• **EXERCISE DATA**:
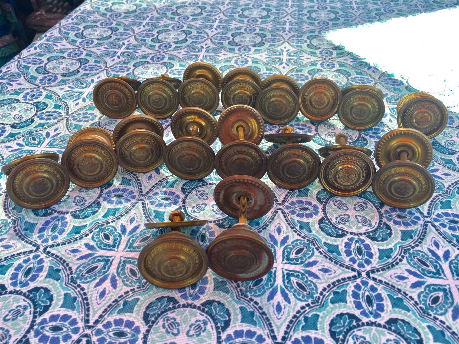 Antique Brass Furniture Cabinet Drawer / Door Knobs Pull Qty 18
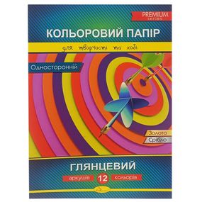 Набір одностороннього кольорового паперу "Глянцевий" А4 АП-1204-1, 12 аркушів
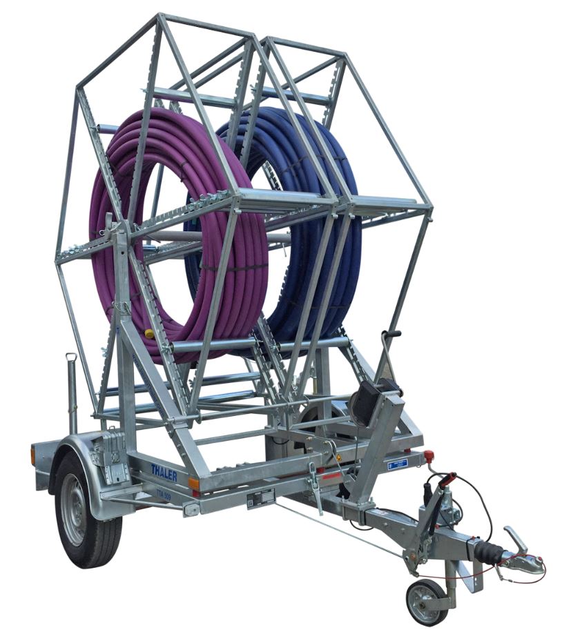 Ekstraudstyr • højdejusterbar trækstang med kugle-, DIN- eller NATO-kobling • Belysning-system 24 Volt • Andre tromle dimensioner og vægte på forespørgsel • Rørbur “1M / 2x0,5M for rør og kabler fra ø 32-63 mm Max. rørslange Ø: 2200 mm. Max. rørslange bredde: 500 mm. eller 1000 mm. Max. rør spole vægt 150 kg. eller 300 kg. Længde 2500 mm, bredde 640 mm, højde 2265 mm. Egenvægt af 500 mm. bred bur 138 kg.

• **GOAL OF THE EXERCISE**:
Each line above must be repeated exactly in the answer, with pictures omitted.

• **TASK ANSWER**:
 Antique Brass Furniture Cabinet Drawer / Door Knobs Pull Qty 18
 Набір одностороннього кольорового паперу "Глянцевий" А4 АП-1204-1, 12 аркушів
 Ekstraudstyr • højdejusterbar trækstang med kugle-, DIN- eller NATO-kobling • Belysning-system 24 Volt • Andre tromle dimensioner og vægte på forespørgsel • Rørbur “1M / 2x0,5M for rør og kabler fra ø 32-63 mm Max. rørslange Ø: 2200 mm. Max. rørslange bredde: 500 mm. eller 1000 mm. Max. rør spole vægt 150 kg. eller 300 kg. Længde 2500 mm, bredde 640 mm, højde 2265 mm. Egenvægt af 500 mm. bred bur 138 kg.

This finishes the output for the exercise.